Le système digestif n’échappe évidemment pas aux effets combinés des catécholamines et du cortisol. Qui n’a pas ressenti des malaises comme un estomac noué, un ventre ballonné, les nausées et l’envie d’aller à la selle ou d’uriner avant ou pendant un événement particulièrement stressant? Ces phénomènes surviennent lorsque le cerveau dirige toute son attention vers la réponse de fuite ou de combat.

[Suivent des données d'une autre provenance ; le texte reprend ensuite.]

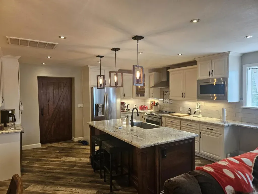 Stunning remodeled home on a spacious 25,700 sqft (two parcels) on a corner lot offering exceptional privacy, usability, and versatility. Ideally positioned at the rear of the lot with dual access driveways, this property maximizes functionality for RV parking, horse facilities, and recreational storage – perfect for buyers seeking equestrian property, large lot homes, or multi-use outdoor space. The interior showcases a modern open-concept floor plan with designer finishes throughout. The gourmet chef’s kitchen features a large center island with farmhouse sink, granite countertops, stainless steel appliances, wine refrigerator, and multiple bar seating areas—ideal for entertaining and everyday living. The inviting living room offers warmth and charm with a wood-burning stove and custom mantel, creating a cozy yet elevated ambiance. The split-bedroom layout enhances privacy, with the primary suite and secondary bedroom situated separately from the front bedroom – ideal for guest quarters, home office, or multi-generational living. Both the primary and front bedrooms provide direct outdoor access, blending indoor-outdoor California living. Step outside to enjoy mature shade trees, expansive usable land, and a fully equipped 3-stall horse barn with tack room, concrete breezeway with drainage, and additional trailer/RV pad. This property is a rare opportunity for horse owners, outdoor enthusiasts, or buyers needing space for toys, equipment, or expansion. Located in a highly desirable area known for horseback riding trails, hiking, and peaceful rural lifestyle, yet still within convenient access to nearby amenities.
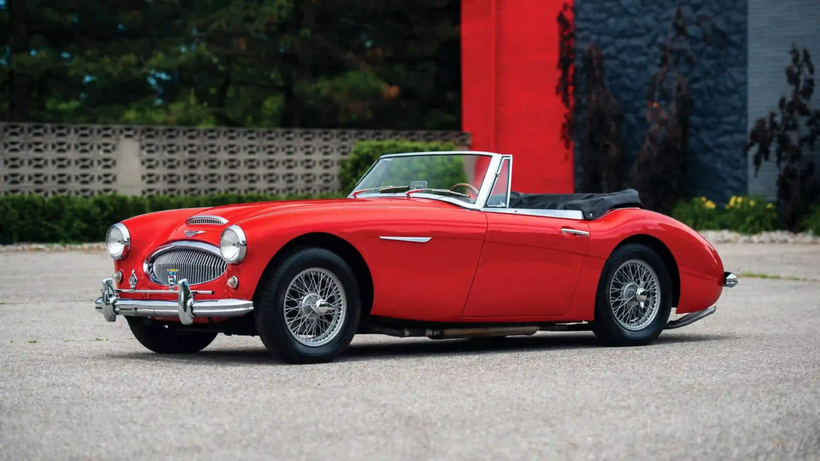 Revive the golden era of motoring with this vibrant 4K wallpaper of the legendary 1962 Austin-Healey 3000. Bathed in a striking crimson red, this classic British roadster stands as a masterpiece of vintage engineering and timeless design. From the gleaming chrome grille to the intricate wire-spoke wheels, every detail captures the spirit of open-top freedom and the sophisticated charm of a bygone era.

Cette réponse implique une partie du système nerveux que l’on appelle le « système nerveux sympathique ».

Le prix à payer pour cette mobilisation du système nerveux sympathique, c’est la diminution de l’activité d’un autre réseau de nerfs, le système nerveux parasympathique. C’est lui qui, par l’entremise du nerf vague, détend normalement les muscles et augmente la vidange des intestins. En même temps que la vidange des intestins est ralentie par l’activité réduite du nerf vague, le nerf qui commande la vessie et le rectum, lui, demeure actif – d’où les envies impérieuses d’uriner et d’aller à la selle qui accompagnent le stress.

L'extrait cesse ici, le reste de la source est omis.